2. The Use of Ratiometric Fluorescence Measurements of the Voltage Sensitive Dye DI-4-ANEPPS to Examine Action Potential Characteristics and Drug Effects on Human Induced Pluripotent stem Cell-Derived Cardiomyocytes
This report evaluated the use of high bandwidth photometry applied to voltage-sensitive fluorescent dyes (VSDs) to assess drug-induced changes in action potential characteristics of spontaneously active hiPSC-CM.
The objective of the study was to demonstrate that optical VSD dye recording from hiPSC-derived cardiomyocytes is a suitably assay system for CiPA and for drug discovery. Using this assay, the authors compared electrophysiological characteristics of two commercially available hiPSC-derived cardiomyocytes cell types (Cor.4U and iCells), “both of which are thought to represent a stable paradigm of human-derived cardiomyocytes.”
The effect of 3 blinded reference compounds nifedipine (L-type calcium channel blocker), E-4031 (pure hERG blocker), and ranolazine (hERG and late sodium current blocker) were assessed.
Cor.4U and iCells responded similarly to nifedipine. However, only Cor.4U cells revealed a statistically relevant shortening of the APD90 at lower concentrations.
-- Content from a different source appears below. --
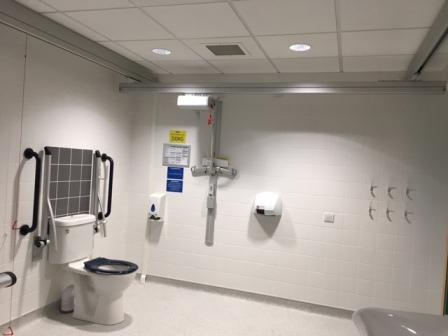 FACILITIES: Bench – Height Adjustable, Adult Sized, Free Standing | Hoist – Ceiling | Peninsular Toilet | Height Adjustable Washbasin | Non-Slip Floor | Floor Space (sq. m) – 7 | Emergency Alarm | Paper Roll | Radar Key Managed | Locked

Ranolazine, a clinically safe drug, did not induce arrhythmias in Cor.4U even at the highest test dose of 100 µM – i.e. Cor.4U predicted the clinic accurately. In contrast, iCell cardiomyocytes reveal induction of EAD and tachy-arrhythmic beating patterns (see figure 9 of the paper, with ranolazine effect depicted below).
According to the authors, “The mechanisms responsible for the complex cellular proarrhythmia observed with some (iCell) myocytes at supratherapeutic exposures of ranolazine are unclear.”
Taken together, the study by Hortigon-Vinagre clearly indicates that Cor.4U cardiomyocytes are the preferred cell model to assess cardiac pro-arrhythmic potential in vitro.